I accidentally let a pot sit empty on the range top with the burner turned on. It probably sat there for 10 minutes or so. When I returned to the kitchen it was so hot that the pot's bottom was bowed out and it was teetering on the cooktop surface. I turned off the burner and set the pot to the side. The pot quickly cooled and the bottom was basically flat when it cooled. I hit it with the heel of my hand a couple of times to finish flattening it. I think the base of the pot is copper-over-stainless. The bottom is very thin.

 

I think the cooktop is ceramic.

 

When I removed the pot, the whole area where the pot had roasted was cloudy white. After it cooled, I worked for a couple of hours using a combination of towels, rags, a non-scratch scrubber, a Scotchbrite abrasive scrubber, Weiman's cooktop mild abrasive, Softscrub mild abrasive, and sandpaper to remove the cloudiness and most of the thin layer of metal that is fused to the ceramic cooktop. Now I'm down to the thickest part of the  deposited metal, and it's really gotten tedious. And I think that the damage I do removing the final bit might be quite visible. After taking the pictures I see I've already caused a lot of damage, but it's not too visible from a distance yet.

 

Questions

1. How the heck did metal that looks like stainless steel transfer through the copper-clad bottom of the pot to the burner? (Yes, I wiped up some reddish deposit that must have been copper too, especially where I sat the pot to cool.)

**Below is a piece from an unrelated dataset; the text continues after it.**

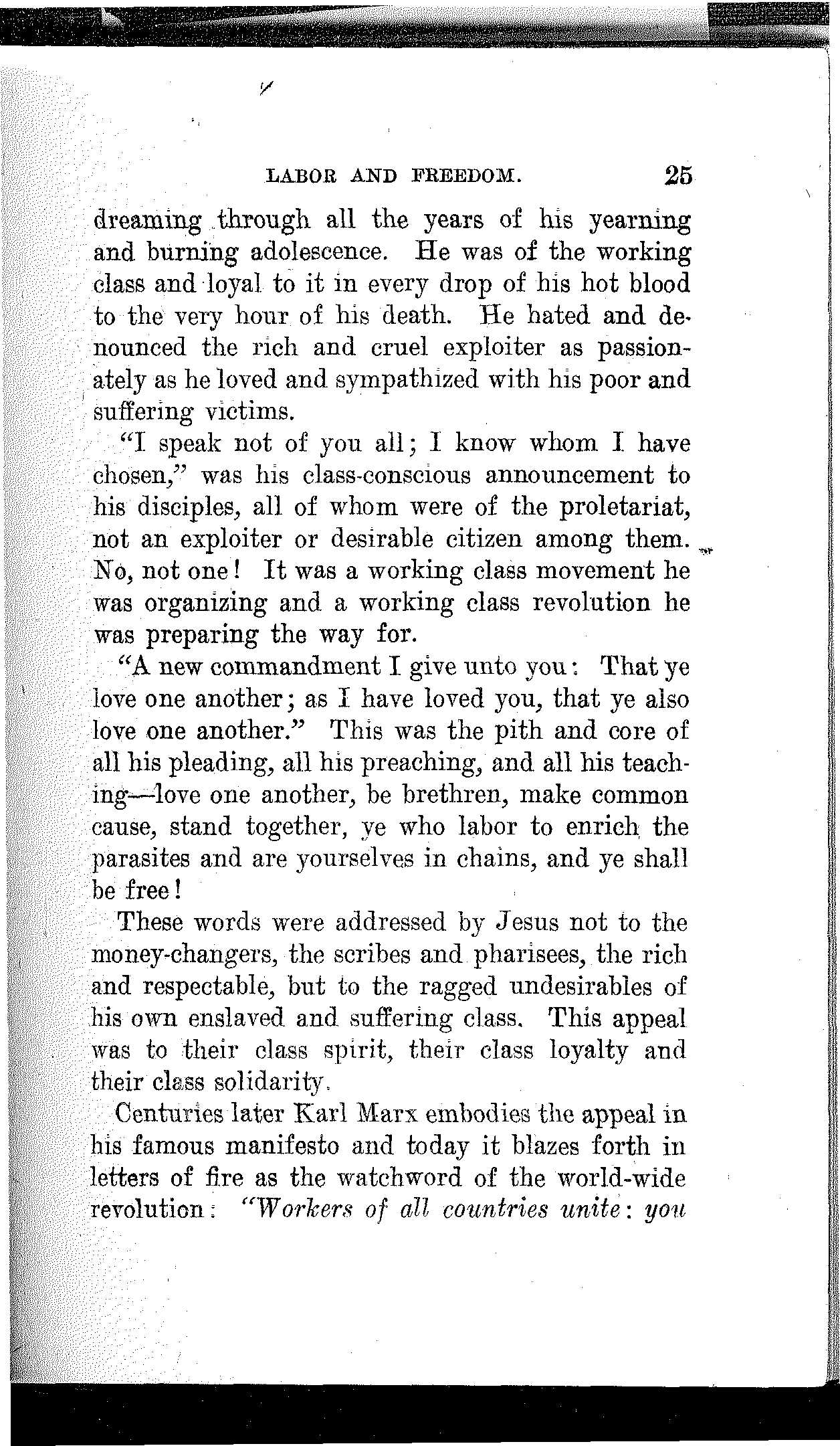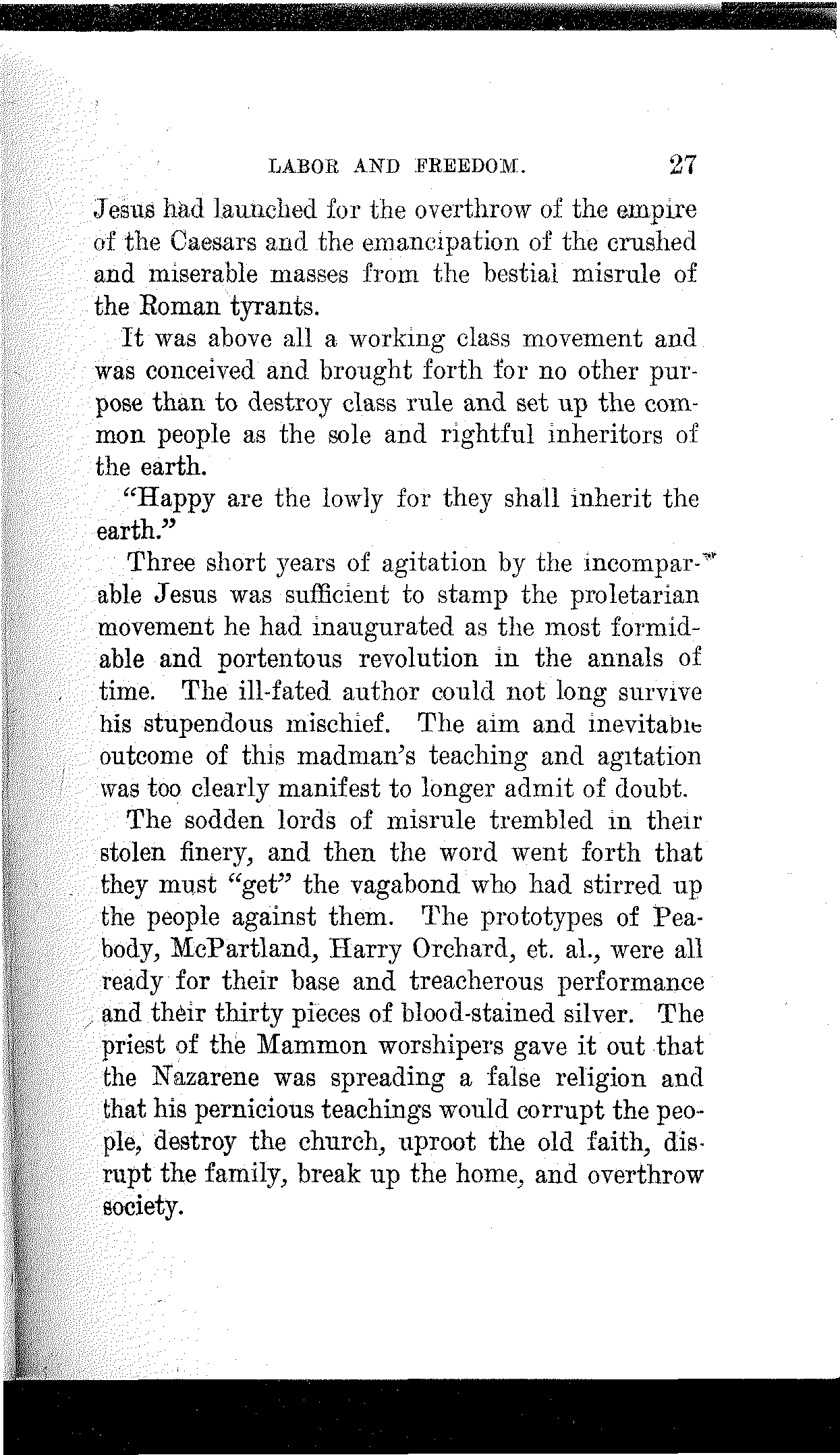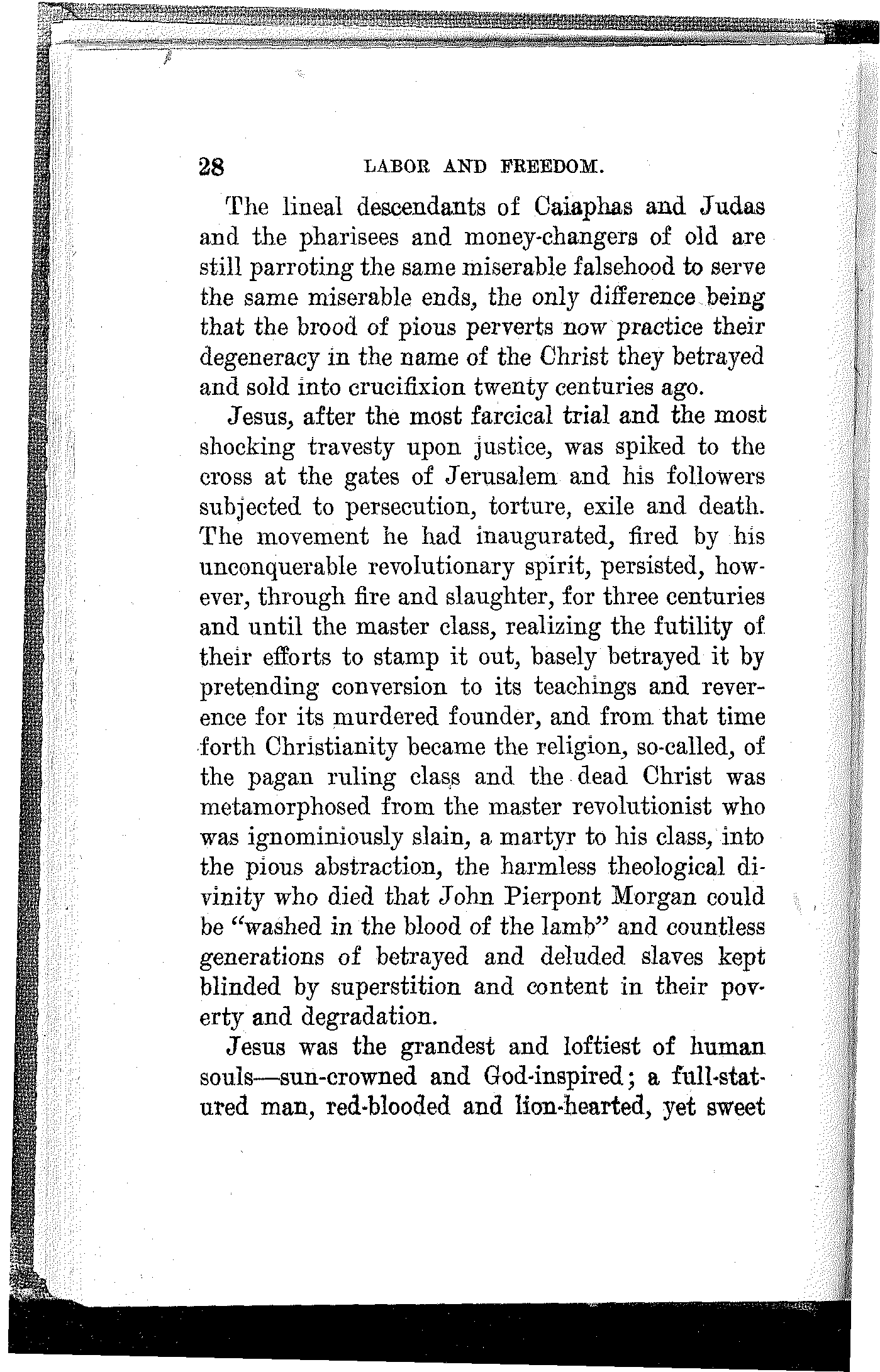 It is of consequence, however, that He was born in a stable and cradled in a manger. This fact of itself, about which there is no question, certifies conclusively the proletarian character of Jesus[23] Christ. Had His parents been other than poor working people—money-changers, usurers, merchants, lawyers, scribes, priests or other parasites—He would not have been delivered from His mother's womb on a bed of straw in a stable among asses and other animals.

2. Do you think I can wipe on a little nitric acid to dissolve the metal and then wipe it off? I can leave the doors open to let the fumes dissipate while the reaction occurs. I suppose it would be bad to suck the fumes up through the metal range hood, right?

3. If 50% nitric acid solution is a good idea, where can I get just one ounce of it? I've seen a 500 ml bottle somewhere online, but where could I dispose of the rest? I don't want to do environmental damage.

 

Pictures attached:

The pot after a good scrubbing with Scotchbrite and Softscrub.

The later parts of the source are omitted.